From the time of its founding by the prophet Muhammad in the 7th century, Islam was remarkably successful in its waging of jihad, or holy war, to convert the peoples of Arabia and the eastern Mediterranean to what they saw as the true faith. Within a few years of the death of Muhammad in 632, the three greatest cities in the Christian Eastern Roman (or Byzantine) Empire – Alexandria, Antioch and Jerusalem – had all fallen to Islam. Syria and Egypt, also parts of the Byzantine Empire, and the Persian Empire had all been overwhelmed.

Largely because the Holy Places of Christendom were in the Byzantine Empire, the capital of which was Constantinople (now Istanbul), Western Christianity long ignored events in the area. It was not until the 11th century that Western Christianity awoke to the danger of complete annihilation that faced the Christian Church in the eastern Mediterranean and chose to do something about it.

Medieval religious enthusiasm was at its height in Western Europe when, in 1095 at the Council of Clermont, Pope Urban II called on the Christian laity to take up arms for the reconquest of Jerusalem, which had been in Muslim hands since 638. The pope was answering a call for help from the Byzantine emperor Alexius I Comnenus, in despair that his once mighty and far-reaching power over the lands of the Near East had been reduced to little more than over the land around the walls of his capital.

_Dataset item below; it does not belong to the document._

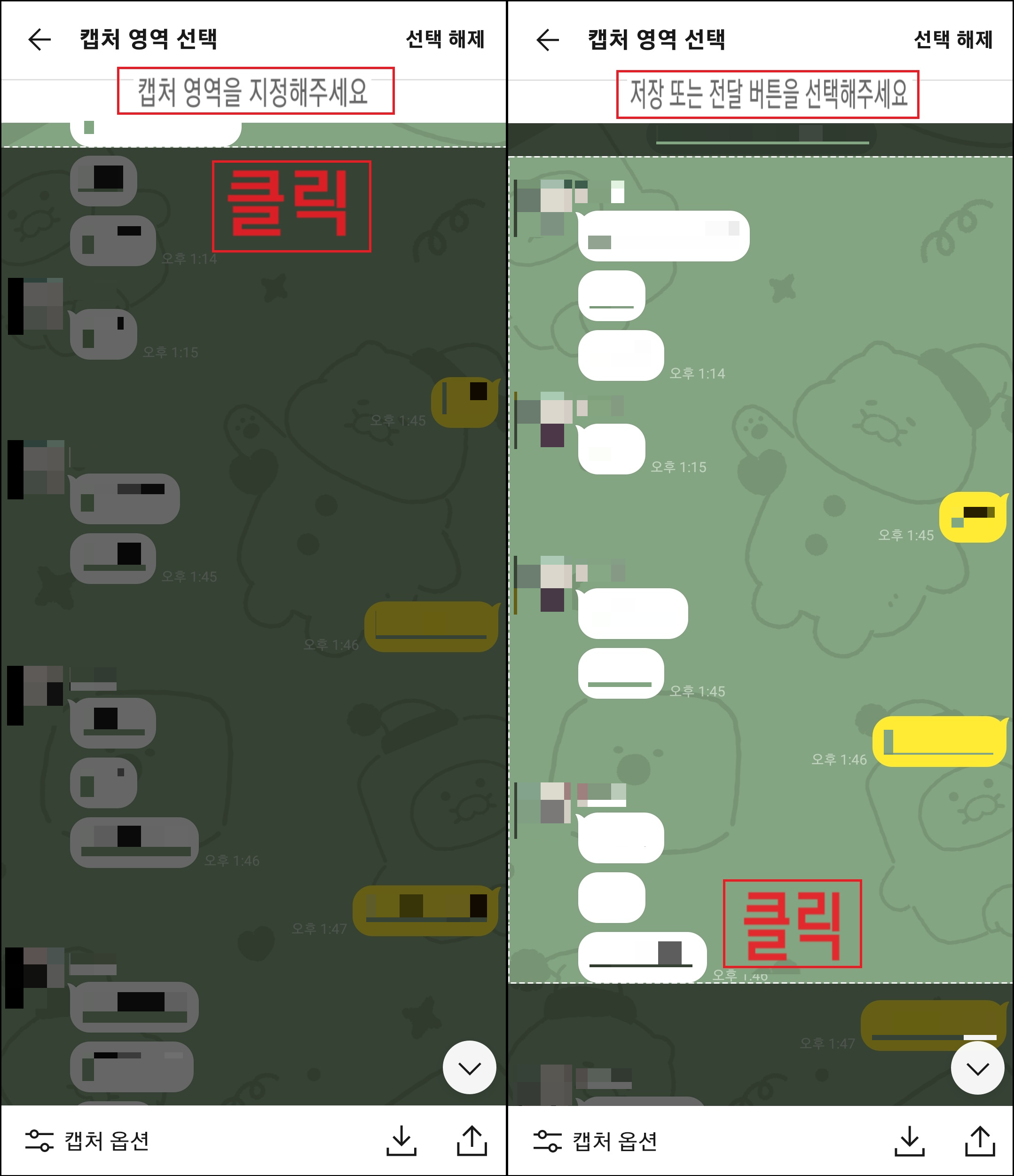 카카오톡 캡처는 한 가지 장점이 있는데요. 스마트폰 화면에 보이는 부분만이 아닌 그 이상 혹은 그 이하의 영역까지 캡처가 된다는 것입니다. 캡처 화면에서 폰화면을 아래위로 스크롤해서 시작 부분의 내용, 또는 끝부분의 내용을 클릭하면 시작 내용부터 끝부분 내용까지 캡처가 됩니다.

At the end of the Council, the pope preached a sermon on the suffering of the Christians in the East to an immense crowd gathered outside the city of Clermont. He ended with a passionately worded appeal for men to enlist under the sign of the Cross of Christ. His call was answered with huge enthusiasm by hundreds in the crowd, many of whom began there and then to mark their clothes with the sign of the cross. Within weeks, they were joined and in a more professional manner by Frankish, German and Italian counts, dukes, and other rulers from many parts of Western Christianity. Thus the First Crusade began.

The enormous enthusiasm shown by the common people for Pope Urban’s call to arms under the banner of the cross turned into a huge pilgrimage across Europe and into Turkey, which came to be called the People’s Crusade. Leaving behind families, homes and livelihoods, about 20,000 men, women and children – most of them simple, poor folk from Germany, Flanders and France – set out from Cologne for Constantinople after the Easter celebrations of 1096.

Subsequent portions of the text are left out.